The technology of sewage treatment in Ukraine has not undergone significant changes in recent years. The result is significant contamination of natural reservoirs, in which wastewater is discharged. Thus, the water of the Dnipro River varies greatly according to the hydrochemical parameters in its various parts. According to its quality, the water can be classified from pure, in some small parts, to extremely dirty. This is due to the fact that there is a lot of uncontrolled wastewater, and the life of the treatment facilities often exceeds 50 years.
The processes of wastewater treatment are biochemical processes. Improvement of biological wastewater treatment is observed with an increase in the concentration of active sludge in aerotanks, as the specific load on active sludge is reduced. Increasing the concentration of sludge leads to an improvement in its metabolic properties and an increase in the aerosol oxidation capacity. Increasing the dose of silt in an aeration facility can be achieved by using neutral carriers to form fixed microflora on them. When using additional immobilized sludge placed on carriers, water purification is carried out by the following two groups of cenosis: active weighed sludge and sludge biofilm, attached to carriers.
For research purposes, a model installation of aerobic biological wastewater treatment has been created. The model installation is a one-stage aerotank mixer, which operates under continuous aeration in stationary mode, with a secondary settling tank.
Experiments were conducted under constant temperature − 20ºС. The sewage from the Cherkasy treatment facilities served as a nutrient medium. The first part of the research was conducted in the standard operating conditions of industrial aerotanks by active sludge biocenoses, which was in a suspended state. The second part of the research was carried out under conditions of sewage treatment by both biocenoses of active sludge, which was in a suspended state, and biofilm, attached to the carriers.
As a carrier of biofilm active sludge, we used pieces of biological plastic packaging of correct shape and a developed surface.
The effectiveness of the biological treatment process was controlled by the change in the waste and purified water of the following indicators: chemical oxygen demand (COD) and the pH.
The results obtained during the experiments are presented as graphic dependencies on Fig. 1 and Fig. 2.
Figure 1 − Graphic dependences of COD index changes of sewage solution during biological purification in aerotanks. 1 – without the biofilm carriers use; 2 – with the biofilm carriers use.

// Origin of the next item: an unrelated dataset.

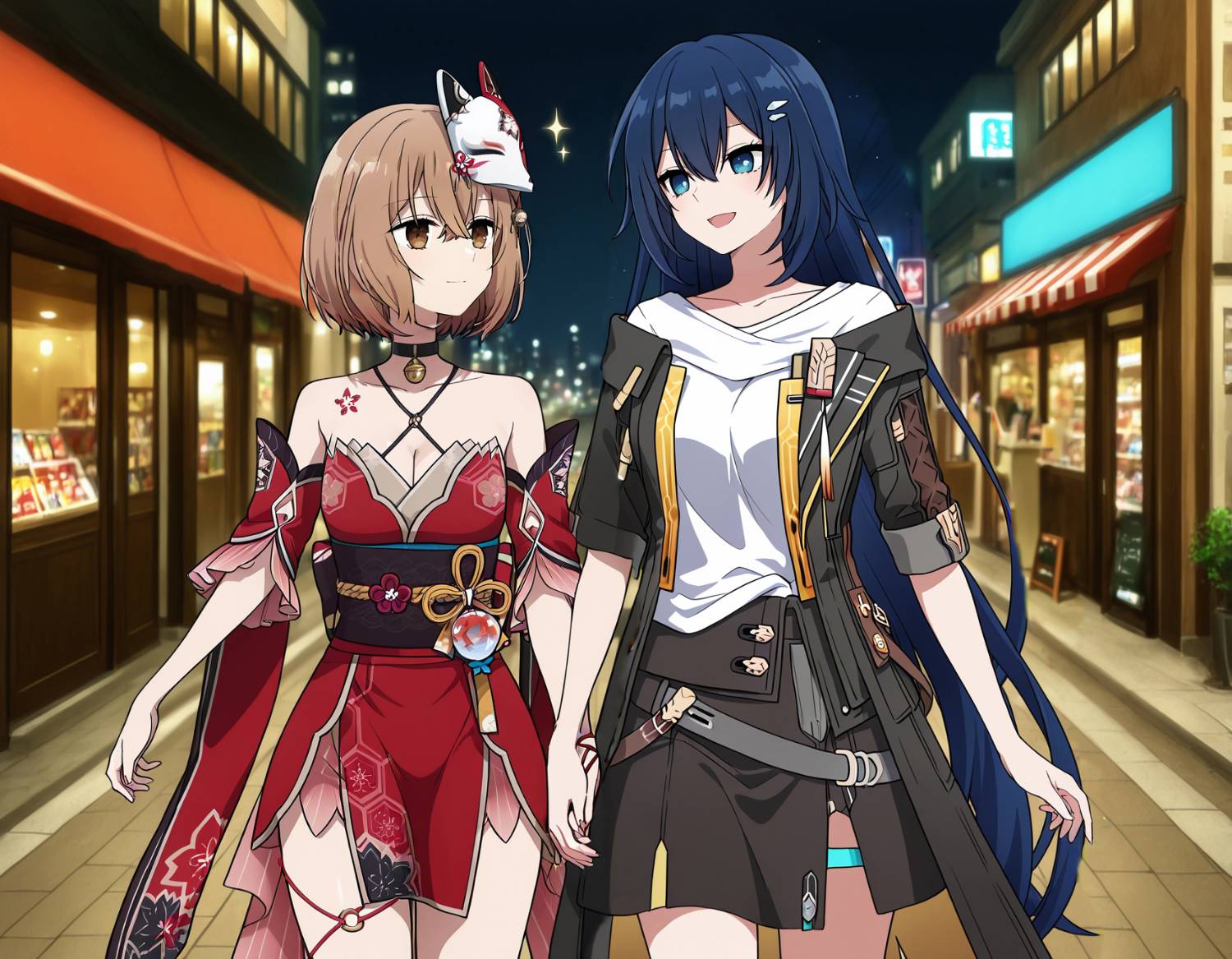 : 跟穿著花火衣服的八百歲比名子一起逛街的圖

Figure 2 − Graphic dependences of pH changes of sewage solution during biological purification in aerotanks. 1 – without the carriers use; 2 – with the carriers use.
The character of the COD changes, represented by curves 1 and 2 in Fig. 1, clearly demonstrates the acceleration of biochemical oxidation processes when using biofilm carriers. For the same period of time, the degree of sewage treatment increases from 5 to 60 minutes of the process by 44-94%.
Fig. 2 shows the dynamics of pH changes in time of sewage solution during biological purification in aerotanks.
The figure shows that the pH of the sewage solution increases during the process of biochemical decomposition of pollutants. Such a change indicates the beginning of the process of biological decomposition of organic compounds. During the first 20 minutes, there is no significant difference in the pH change for different conditions of the process in aerotanks. Further, there is a more sharp increase in the pH value after the use of biofilm carriers in aerotanks. This indicates a higher rate of oxidative processes in aerotanks using biofilm carriers.
The use of biological film carriers in aerotanks will reduce the time of sewage treatment and take more sewage without changing its design.